Pipeline stages (in order):

  1. Discover — enumerate sources and tables from the configured source adapter.
  2. Governance setup (sequential, per matching catalog/schema):
    • Create catalog (if auto_create_catalogs = true)
    • Apply catalog tags (ALTER CATALOG SET TAGS)
    • Bind workspaces (Unity Catalog bindings API, if governance.isolation configured)
    • Apply catalog-level grants (GRANT ... ON CATALOG)
    • Create schema (if auto_create_schemas = true)
    • Apply schema tags (ALTER SCHEMA SET TAGS)
    • Apply schema-level grants (GRANT ... ON SCHEMA)
  3. Parallel table processing — for each table concurrently (up to execution.concurrency):
    • Drift detection (compare column types between source and target)
    • Copy data (incremental or full refresh SQL)
    • Apply table tags
    • Update watermark in state store
  4. Batched checks — row count, column match, freshness (batched with UNION ALL for efficiency)
  5. Retry — failed tables retried sequentially (configurable via execution.table_retries)

JSON output:

{
"version": "1.6.0",
"command": "run",
"filter": "tenant=acme",
"duration_ms": 45200,
"tables_copied": 20,
"tables_failed": 0,
"materializations": [
{
"asset_key": ["fivetran", "acme", "us_west", "shopify", "orders"],
"rows_copied": null,
"duration_ms": 2300,
"metadata": {
"strategy": "incremental",
"watermark": "2026-03-30T10:00:00Z",
"target_table_full_name": "acme_warehouse.staging__us_west__shopify.orders",
"sql_hash": null
}
}
],
"check_results": [],
"errors": [],
"excluded_tables": [],
"permissions": { "grants_added": 3, "grants_revoked": 0, "catalogs_created": 0, "schemas_created": 1 },
"drift": { "tables_checked": 20, "tables_drifted": 1, "actions_taken": [] },
"anomalies": [],
"partition_summaries": []
}

Runs aggregate health checks on your Rocky project: config validation, state store health, adapter connectivity, pipeline consistency, state backend configuration, live state read/write, and auth.

Terminal window
rocky doctor

Checks performed:

CheckNameDescription
ConfigconfigParses rocky.toml, validates adapters and pipelines
StatestateVerifies the local state store is readable and not corrupted
AdaptersadaptersTests connectivity to configured adapters
PipelinespipelinesValidates schema patterns, templates, and governance config
State Syncstate_syncInspects the configured remote state backend (type only)
State RWstate_rwRound-trips a marker object against the configured backend (put → get → delete). Surfaces IAM and reachability problems at cold start instead of end-of-run upload.

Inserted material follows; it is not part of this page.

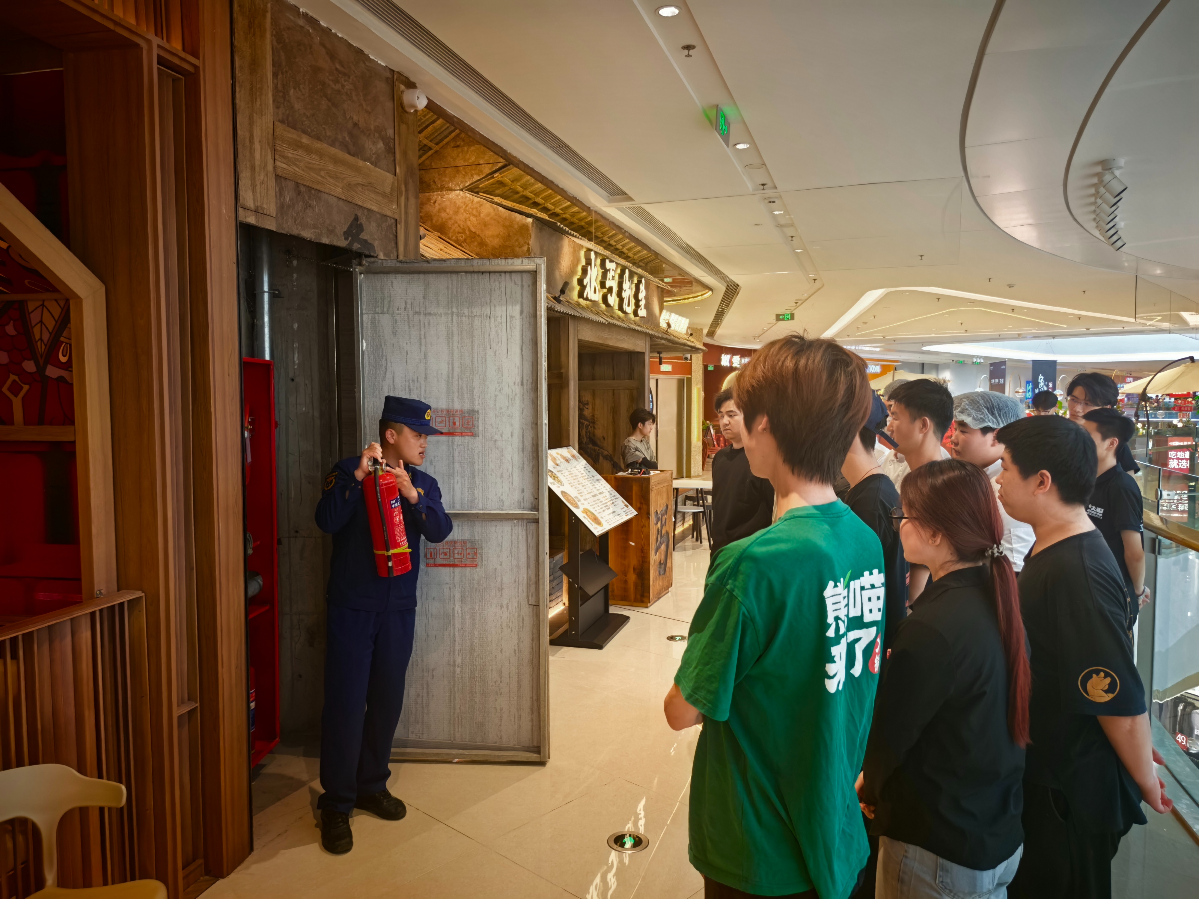 在商场,宣讲围绕人员密集场所应急处置展开实操教学。针对商场客流密集、用火用电点多的特点,现场演示消火栓“开、接、开、射”四步法,明确疏散通道、安全出口保持畅通的硬性要求。同步普及公共区域防火注意事项,结合商圈节假日客流特点,讲解紧急情况下的有序疏散策略,让商户与顾客共学消防知识,共建安全购物环境。

No-op for local; tiered probes both legs.
Authauth, auth/<adapter>Pings each warehouse and discovery adapter to verify credentials and connectivity

JSON output:

{
"command": "doctor",
"overall": "warning",
"checks": [
{ "name": "config", "status": "healthy", "message": "rocky.toml valid", "duration_ms": 4 },
{ "name": "state", "status": "healthy", "message": "state store readable", "duration_ms": 2 },
{ "name": "adapters", "status": "warning", "message": "adapter.fivetran: API key not set", "duration_ms": 120 }
],
"suggestions": [
"Set FIVETRAN_API_KEY to enable the Fivetran discovery adapter."
]
}

Run a specific check:

Terminal window
rocky doctor --check auth
rocky doctor --check state_rw # live round-trip probe against the remote state backend

Verbose mode (v1.20.0+):

Terminal window
rocky doctor --verbose

Prints extra per-check context (config path, state file size, adapter type + credential signal, pipeline kind, state backend) under each check in human-readable output. The JSON output is unchanged unless --verbose is passed — each checks[] entry then carries a details array of [key, value] string pairs (omitted entirely when empty). Credential signal values: token, oauth_client, oauth_token, key_pair, password, service_account, adc, env, none.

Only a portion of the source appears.